Share

Bab 6 Hamil

Author: Penulis Hoki
last update Last Updated: 2025-08-21 16:36:25

Tiga minggu setelah pernikahan, Anna masih belum terbiasa memanggil dirinya dengan nama belakang Damien. Di meja makan yang penuh bunga dan porselen, ia duduk dalam diam, memikirkan cara untuk kabur. Ia merasa diawasi setiap saat.

Pagi itu, Damien bersamanya seharian. Tapi tubuh Anna sedang tidak bersahabat. Mual datang tiba-tiba, membuatnya berlari ke kamar mandi. Ia muntah hingga perutnya kosong.

“Pagi-pagi begini, kau kenapa, Anna?” tanya Marsha, salah satu pelayan.

Anna tidak menjawab. Ia mencuci wajah, menatap dirinya di cermin. Wajahnya lelah, dan tubuhnya… berubah. Dua hari terakhir ia tak datang bulan. Mual pagi ini adalah alarm terakhir. Ia menyentuh perutnya dengan tangan gemetar.

“Tidak. Ini tidak mungkin. Semoga tidak. Jangan, aku mohon.”

Ia mengambil tiga alat tes kehamilan dari lemari. Beberapa menit kemudian, tiga-tiganya menunjukkan dua garis merah yang sangat jelas.

Ia menjerit dalam hati. Tubuhnya jatuh terduduk di lantai. “TIDAK…” bisiknya berulang kali. “Ini bukan bagian dari rencana. Ini bukan--”

Anna terduduk di atas penutup kloset yang dingin, memegang benda mungil putih dengan dua garis merah muda mencolok. “Aku hamil…?” gumamnya nyaris tak bersuara.

Ia mengusap perutnya yang masih rata. Perut ini, tubuh ini, bukan untuk anak Damien. Bukan bagian dari rencana. Bukan bagian dari hidupnya. “Ini seharusnya cuma lelucon balas dendam… bukan… bukan hidupku, lalu bagaimana dengan Lucian?”

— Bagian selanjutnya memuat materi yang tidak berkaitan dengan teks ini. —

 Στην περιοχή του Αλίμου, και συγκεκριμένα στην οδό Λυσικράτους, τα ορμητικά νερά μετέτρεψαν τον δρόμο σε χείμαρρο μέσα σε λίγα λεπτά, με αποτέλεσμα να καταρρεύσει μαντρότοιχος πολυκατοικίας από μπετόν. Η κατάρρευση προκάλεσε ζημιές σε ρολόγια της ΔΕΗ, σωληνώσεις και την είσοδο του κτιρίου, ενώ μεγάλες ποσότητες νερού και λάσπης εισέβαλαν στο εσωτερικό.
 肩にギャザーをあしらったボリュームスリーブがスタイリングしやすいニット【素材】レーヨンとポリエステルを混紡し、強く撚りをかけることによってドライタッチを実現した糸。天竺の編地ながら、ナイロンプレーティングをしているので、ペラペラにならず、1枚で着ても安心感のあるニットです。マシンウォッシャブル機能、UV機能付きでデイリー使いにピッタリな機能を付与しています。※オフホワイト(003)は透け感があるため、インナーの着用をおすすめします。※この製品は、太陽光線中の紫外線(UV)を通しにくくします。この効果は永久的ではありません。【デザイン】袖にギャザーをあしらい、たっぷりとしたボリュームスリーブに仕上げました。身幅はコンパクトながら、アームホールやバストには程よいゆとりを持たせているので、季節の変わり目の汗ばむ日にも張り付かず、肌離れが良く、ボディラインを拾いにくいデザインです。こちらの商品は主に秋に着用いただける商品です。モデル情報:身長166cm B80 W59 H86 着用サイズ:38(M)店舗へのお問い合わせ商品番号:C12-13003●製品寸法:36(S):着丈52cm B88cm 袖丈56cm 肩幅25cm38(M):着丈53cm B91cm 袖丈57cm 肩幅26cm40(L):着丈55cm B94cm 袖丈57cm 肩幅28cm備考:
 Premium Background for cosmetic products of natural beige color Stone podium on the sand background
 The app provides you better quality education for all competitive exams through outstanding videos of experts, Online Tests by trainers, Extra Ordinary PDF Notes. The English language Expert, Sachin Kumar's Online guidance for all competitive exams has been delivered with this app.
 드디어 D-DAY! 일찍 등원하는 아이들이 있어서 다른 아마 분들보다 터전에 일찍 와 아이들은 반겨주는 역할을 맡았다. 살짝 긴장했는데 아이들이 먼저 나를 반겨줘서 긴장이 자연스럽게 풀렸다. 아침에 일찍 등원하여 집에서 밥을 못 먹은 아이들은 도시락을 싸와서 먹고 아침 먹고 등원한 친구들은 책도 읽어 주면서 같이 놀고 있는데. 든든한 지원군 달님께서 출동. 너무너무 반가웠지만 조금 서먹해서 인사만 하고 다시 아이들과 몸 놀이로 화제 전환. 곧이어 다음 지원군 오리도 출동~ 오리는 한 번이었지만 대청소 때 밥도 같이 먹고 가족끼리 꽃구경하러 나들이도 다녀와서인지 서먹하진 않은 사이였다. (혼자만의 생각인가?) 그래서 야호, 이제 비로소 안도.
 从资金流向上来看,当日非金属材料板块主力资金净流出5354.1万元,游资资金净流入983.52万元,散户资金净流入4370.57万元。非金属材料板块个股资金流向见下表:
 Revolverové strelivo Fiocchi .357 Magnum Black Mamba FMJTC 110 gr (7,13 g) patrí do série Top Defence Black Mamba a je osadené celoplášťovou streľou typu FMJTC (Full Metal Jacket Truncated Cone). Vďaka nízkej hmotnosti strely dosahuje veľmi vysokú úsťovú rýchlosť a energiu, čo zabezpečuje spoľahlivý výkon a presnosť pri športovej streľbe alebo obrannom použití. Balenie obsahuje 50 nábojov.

Ia bangkit dengan susah payah, lemas. Ia mencari cara menggugurkan kandungan di internet. Semua tampak mengerikan, semua berisiko. Tapi itu terasa lebih bisa dikendalikan daripada hidup bersama anak Damien.

Namun ada satu masalah besar yaitu Damien. Ia tak tahu cara keluar dari rumah itu tanpa terpantau. Ponselnya terkunci. Hari itu, Anna menyembunyikan alat tes di lacinya.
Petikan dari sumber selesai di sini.